I have known the principals who make up Swarbrick Beck Mackinnon for many years – indeed, it’s fair to say I cut my young lawyers’ teeth on appearing with them in court on a fairly regular basis some years ago. They are not only good lawyers, they are good people and I am sure, as their clients, you are in good hands.

You have heard this afternoon about recent developments in employment law, including the latest set of proposed changes to the Employment Relations Act presently before a select committee in Parliament.

I don’t want to comment in any detail about those proposed changes, nor about other changes enacted by this government over the last five years. You will regard my views on that as predictable, and possibly politically motivated.

But the truth is, what happens in the employment law space, how we regulate our labour market, is a deeply political question.

It’s not just a question of economics and where the value is and how it gets extracted and how it is shared. Labour market regulation necessarily entails questions of power and control, of human or individual rights (and where they stop and start) and of corporate or business rights.

Good labour market regulation ought to focus on what is needed to encourage high performance of capital and labour and entrepreneurship and innovation.

Good labour law should provide a balance of rights and must ensure fair treatment and fair reward (both to business owners and employees).

As I will make clear in my contribution tonight, this is not the sort of labour market regulation we currently have.

My intention tonight is to give you a steer on the high level values that inform Labour’s approach to employment law and the labour market. Our Labour spokesperson, Darien Fenton, is continuing to lead the work on our labour policies and specific policy announcements for 2014 are some months away.

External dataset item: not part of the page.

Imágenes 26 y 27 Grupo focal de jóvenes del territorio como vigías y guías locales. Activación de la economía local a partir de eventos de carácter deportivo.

Does anything need to change?

To understand the present state of labour market regulation, including recent and impending changes, and whether it is performing satisfactorily for New Zealand, we need to look at the chief elements of present laws, and then look at what has happened over the last 20 years (which is when the last radical change to labour market regulation took place) and measure their effect.

Our employment law and regulation

The starting point for assessing our employment law is not to turn to the Employment Relations Act, our primary piece of legislation covering the topic, but to turn to the common law. The common law is the widely accepted legal principles confirmed by judges over many years. Most of the common law of employment (or “master and servant” as the employment relationship was known by the common law) has not been overridden by statute law in New Zealand and fully applies here.

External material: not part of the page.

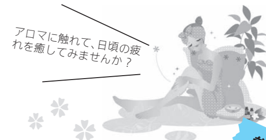
アロマに触れて、日頃の疲れを癒してみませんか？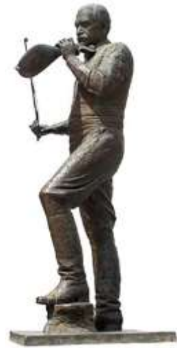
Statue de Kostas Moundakis (1926-1991) place centrale de Rethymnon

The common law recognises a number of implied duties and obligations that are enforceable today.

The common law duties on employers are:

  • The duty to provide a safe system of work (although this is heavily supplemented by statutes such as the Health and Safety in Employment Act and a number of others)
  • They duty to pay wages (how often and at what rate is the subject of either regulation or negotiation).

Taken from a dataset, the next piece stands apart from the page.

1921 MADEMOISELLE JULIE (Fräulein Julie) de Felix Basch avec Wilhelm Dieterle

The common law duties on workers are:

  • The duty of personal service (the worker, himself or herself, has to do the work contracted to be done)
  • The duty of obedience (a worker must do as their employer tells them providing the instruction is lawful and the task is within the worker’s competence)
  • The duty of fidelity (the worker must apply themselves to their job and support the employer’s business)
  • The duty of confidentiality (the worker must keep the business’s confidential information confidential, including after their employment has ended).

The reason for pointing all this out is to be clear that even before we get to look at what is in our statutes, the law confers a high degree of control by the employer over the employee.

This, amongst all contracts and agreements and relationships, is the unique feature of the employment relationship – it is one in which one party, the employee, submits to the authority and control of the other, the employer (for the duration of the agreed work hours).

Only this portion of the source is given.